### About this task
Below is a listing with pictures. Repeat exactly the lines starting at the one holding "玉樹HQ-S型轉(zhuǎn)柵式固液分離機(jī)" and going on through the one holding "Конверт С5 162*229мм", and leave every picture out.

### Records for the exercise
*** Begin section ***

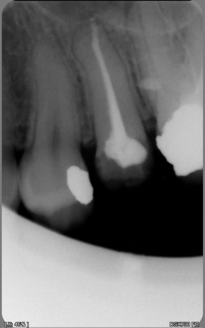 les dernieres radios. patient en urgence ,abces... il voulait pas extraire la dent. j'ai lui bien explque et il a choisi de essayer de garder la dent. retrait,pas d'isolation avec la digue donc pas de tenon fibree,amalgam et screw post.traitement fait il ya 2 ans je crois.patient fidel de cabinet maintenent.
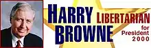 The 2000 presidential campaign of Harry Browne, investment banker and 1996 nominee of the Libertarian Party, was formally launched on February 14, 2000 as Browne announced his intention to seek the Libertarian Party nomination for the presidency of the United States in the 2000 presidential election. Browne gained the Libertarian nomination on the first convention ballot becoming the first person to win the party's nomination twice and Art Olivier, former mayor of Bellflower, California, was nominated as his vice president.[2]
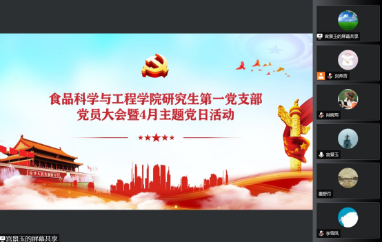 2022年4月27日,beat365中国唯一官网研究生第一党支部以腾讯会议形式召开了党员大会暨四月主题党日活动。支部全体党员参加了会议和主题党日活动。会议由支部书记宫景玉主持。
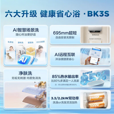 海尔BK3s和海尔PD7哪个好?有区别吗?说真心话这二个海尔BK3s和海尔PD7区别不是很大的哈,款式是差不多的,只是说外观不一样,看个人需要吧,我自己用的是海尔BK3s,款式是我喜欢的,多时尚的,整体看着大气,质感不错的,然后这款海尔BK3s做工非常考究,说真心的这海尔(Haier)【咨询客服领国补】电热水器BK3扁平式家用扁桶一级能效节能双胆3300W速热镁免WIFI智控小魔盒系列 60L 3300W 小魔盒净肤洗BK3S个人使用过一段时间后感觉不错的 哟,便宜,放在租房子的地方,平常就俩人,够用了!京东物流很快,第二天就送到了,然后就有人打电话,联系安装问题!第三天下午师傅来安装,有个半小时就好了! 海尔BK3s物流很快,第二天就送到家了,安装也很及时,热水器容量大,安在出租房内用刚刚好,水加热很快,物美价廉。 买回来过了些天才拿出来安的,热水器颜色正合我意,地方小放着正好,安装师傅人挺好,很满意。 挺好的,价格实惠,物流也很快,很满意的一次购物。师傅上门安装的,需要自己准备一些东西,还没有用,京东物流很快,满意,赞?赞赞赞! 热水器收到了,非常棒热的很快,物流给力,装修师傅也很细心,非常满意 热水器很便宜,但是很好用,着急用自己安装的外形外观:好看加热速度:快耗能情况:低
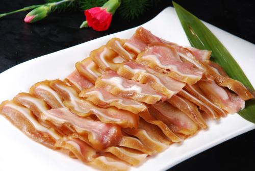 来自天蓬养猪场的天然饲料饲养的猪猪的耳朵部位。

*** End section ***
*** Begin section ***

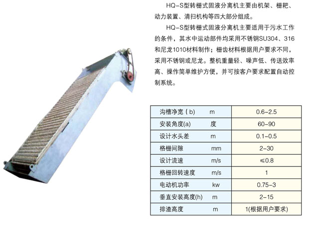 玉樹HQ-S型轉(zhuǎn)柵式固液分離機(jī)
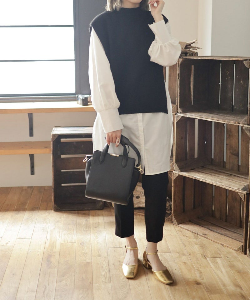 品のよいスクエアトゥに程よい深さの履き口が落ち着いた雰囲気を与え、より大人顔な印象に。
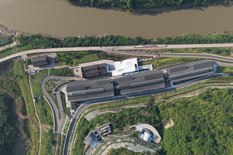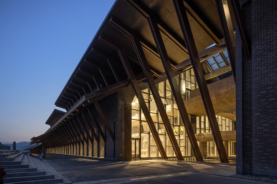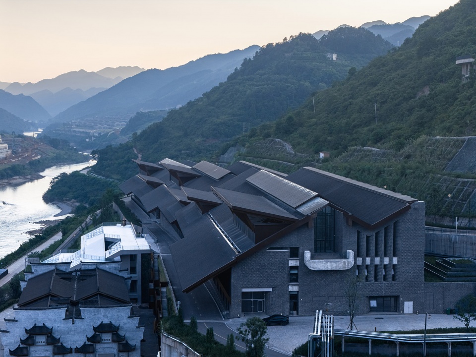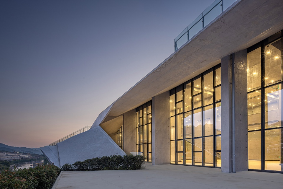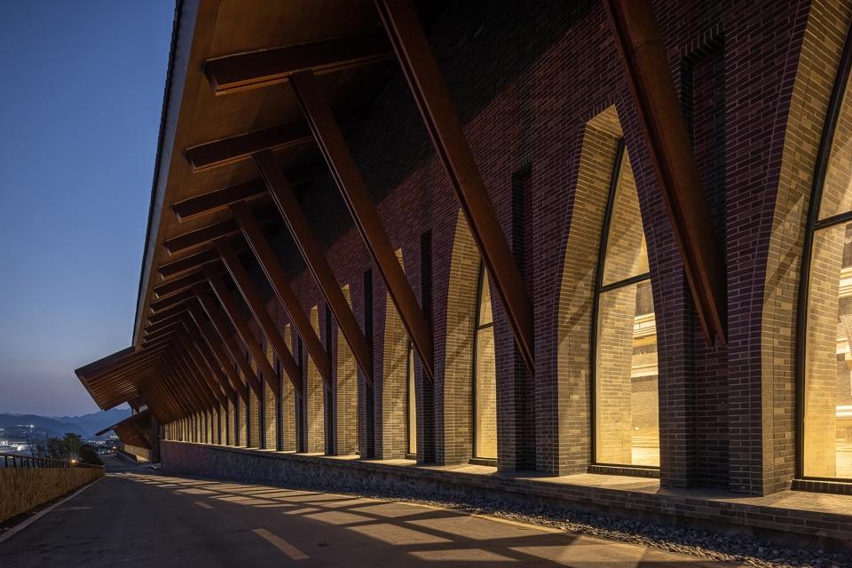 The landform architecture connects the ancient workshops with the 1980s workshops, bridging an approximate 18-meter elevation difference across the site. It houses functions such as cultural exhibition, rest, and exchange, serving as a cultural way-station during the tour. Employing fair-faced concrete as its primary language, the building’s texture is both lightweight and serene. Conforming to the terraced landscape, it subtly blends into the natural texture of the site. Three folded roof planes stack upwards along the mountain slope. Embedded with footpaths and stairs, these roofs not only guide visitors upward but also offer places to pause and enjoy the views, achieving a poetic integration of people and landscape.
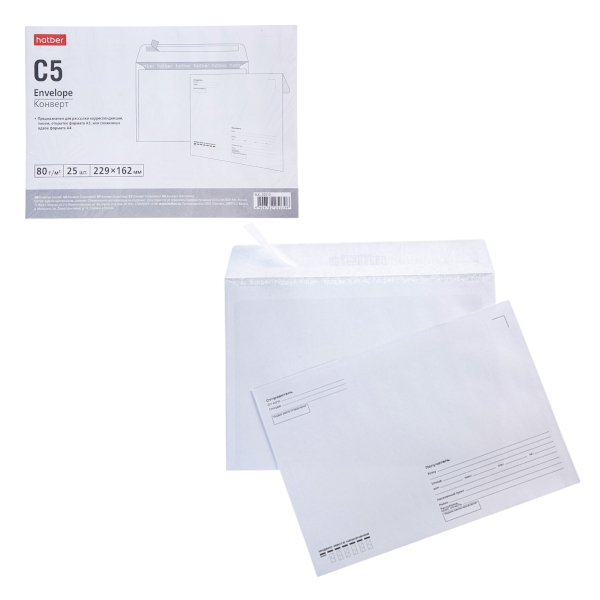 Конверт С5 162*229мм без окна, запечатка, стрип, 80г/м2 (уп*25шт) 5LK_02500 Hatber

*** End section ***
*** Begin section ***

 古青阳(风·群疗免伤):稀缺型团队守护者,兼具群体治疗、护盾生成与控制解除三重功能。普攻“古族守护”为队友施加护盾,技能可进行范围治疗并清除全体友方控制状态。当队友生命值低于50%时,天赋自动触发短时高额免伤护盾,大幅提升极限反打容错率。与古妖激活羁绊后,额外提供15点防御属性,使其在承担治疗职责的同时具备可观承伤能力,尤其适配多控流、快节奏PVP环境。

*** End section ***

### Response
 玉樹HQ-S型轉(zhuǎn)柵式固液分離機(jī)
 品のよいスクエアトゥに程よい深さの履き口が落ち着いた雰囲気を与え、より大人顔な印象に。
 The landform architecture connects the ancient workshops with the 1980s workshops, bridging an approximate 18-meter elevation difference across the site. It houses functions such as cultural exhibition, rest, and exchange, serving as a cultural way-station during the tour. Employing fair-faced concrete as its primary language, the building’s texture is both lightweight and serene. Conforming to the terraced landscape, it subtly blends into the natural texture of the site. Three folded roof planes stack upwards along the mountain slope. Embedded with footpaths and stairs, these roofs not only guide visitors upward but also offer places to pause and enjoy the views, achieving a poetic integration of people and landscape.
 Конверт С5 162*229мм без окна, запечатка, стрип, 80г/м2 (уп*25шт) 5LK_02500 Hatber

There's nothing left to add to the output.